En l’espèce, la Polynésie française avait passé un marché public avec la société Électricité de Tahiti (EDT) afin d’assurer la maintenance de plusieurs équipements d’éclairage public de l’île. Ledit marché était composé d’une tranche ferme et de deux tranches conditionnelles dont l’exécution était subordonnée, conformément à l’article du 12 du Code des marchés publics applicable au territoire de la Polynésie française, à une décision du pouvoir adjudicateur notifiée au titulaire dans les conditions fixées au marché. Or, la société EDT avait exécuté la première tranche conditionnelle du marché sans que celle-ci n’ait été affermie par le pouvoir adjudicateur. Elle s’était donc vue refuser le paiement des prestations effectuées au titre de cette tranche puisque celles-ci avaient été réalisées hors marché.
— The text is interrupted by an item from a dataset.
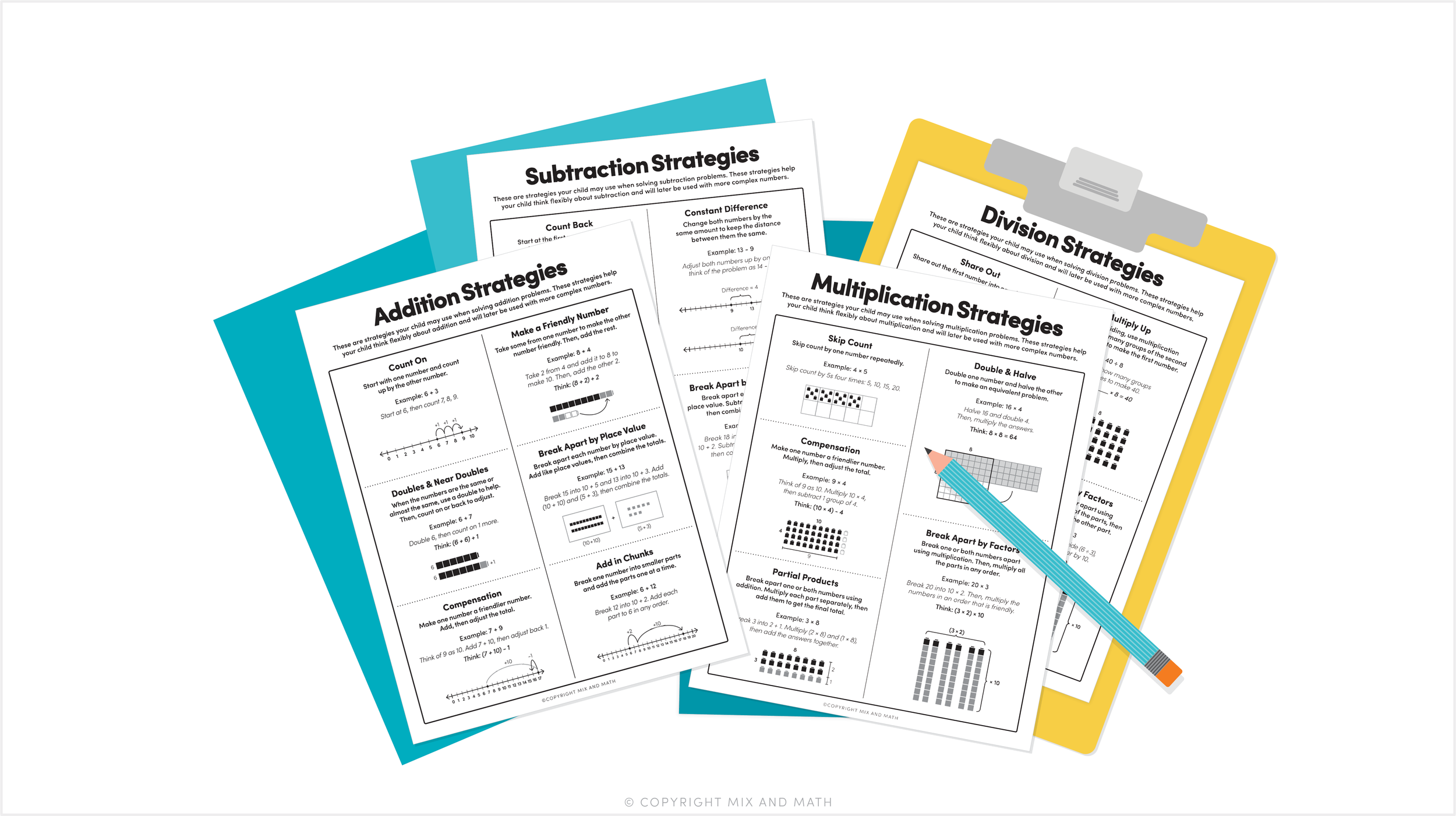 If you’re wondering what strategies you should be teaching students and which visuals best support learning these strategies, we created a free resource to help you! These fluency strategy pages highlight the most useful strategies for all four operations and include representations so that you can see how to make it hands-on and visual as you teach these strategies to students.

Saisi du litige, le juge administratif de première instance rejeta la demande de la société EDT tendant à la condamnation de la Polynésie française à lui payer les prestations effectuées au titre de la première tranche conditionnelle du marché. Le titulaire du marché interjeta toutefois appel.

L’initiative ne fût pas tout à fait vaine puisque la cour administrative d’appel de Paris infirma la solution rendue en première instance en condamnant la collectivité d’outre-mer à régler pour moitié les sommes correspondant aux prestations réalisées par le titulaire du marché au titre de la première tranche conditionnelle. Si la responsabilité contractuelle du pouvoir adjudicateur ne pouvait être effectivement engagée en l’espèce, aucune décision d’affermir la tranche litigieuse n’ayant été notifiée au titulaire du marché, celui-ci avait toutefois commis une faute de nature à engager sa responsabilité en annonçant « à plusieurs reprises à la société EDT que la procédure d’affermissement […] était en cours et en l’incitant par là-même à poursuivre les prestations ». C’est donc sur le terrain de la responsabilité extracontractuelle que le juge administratif en vient à sanctionner le pouvoir adjudicateur.
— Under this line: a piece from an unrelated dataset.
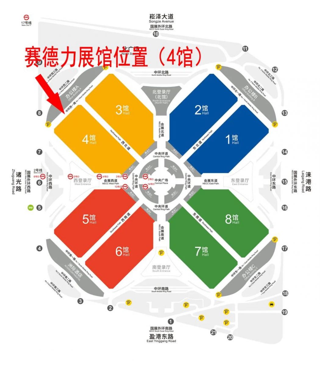 北(běi)翟高架、北部外環高速方向,嘉閔高架-崧澤高架-蟠龍路下匝道右轉(zhuǎn)-北停車場(崧澤大道北側蟠東路西側)-龍聯路-諸光路-崧澤大道(國(guó)家會展中心北門)-北停車場

Pour autant, celui-ci tient également compte de la faute commise par le titulaire du marché afin de limiter la responsabilité du territoire de la Polynésie française. Compte tenu de sa taille et de son expérience, la société EDT ne pouvait effectivement ignorer le caractère irrégulier de ses prestations réalisées hors marché.
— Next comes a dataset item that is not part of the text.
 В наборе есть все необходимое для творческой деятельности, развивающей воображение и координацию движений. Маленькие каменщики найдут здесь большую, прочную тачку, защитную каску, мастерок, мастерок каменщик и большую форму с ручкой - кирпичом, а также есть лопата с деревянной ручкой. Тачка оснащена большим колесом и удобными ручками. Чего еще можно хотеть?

Ainsi, le juge administratif d’appel déclare le pouvoir adjudicateur responsable seulement pour moitié du préjudice indemnisable sur le terrain quasi-délictuel.

Bien que cette décision ait été rendue sous l’empire du Code des marchés publics spécialement applicable au territoire de la Polynésie française, la solution ainsi dégagée demeure transposable aux marchés publics passés en métropole, les dispositions pertinentes du Code des marchés publics applicable à cette collectivité d’outre-mer étant identiques aux dispositions de l’article 72 du Code des marchés publics.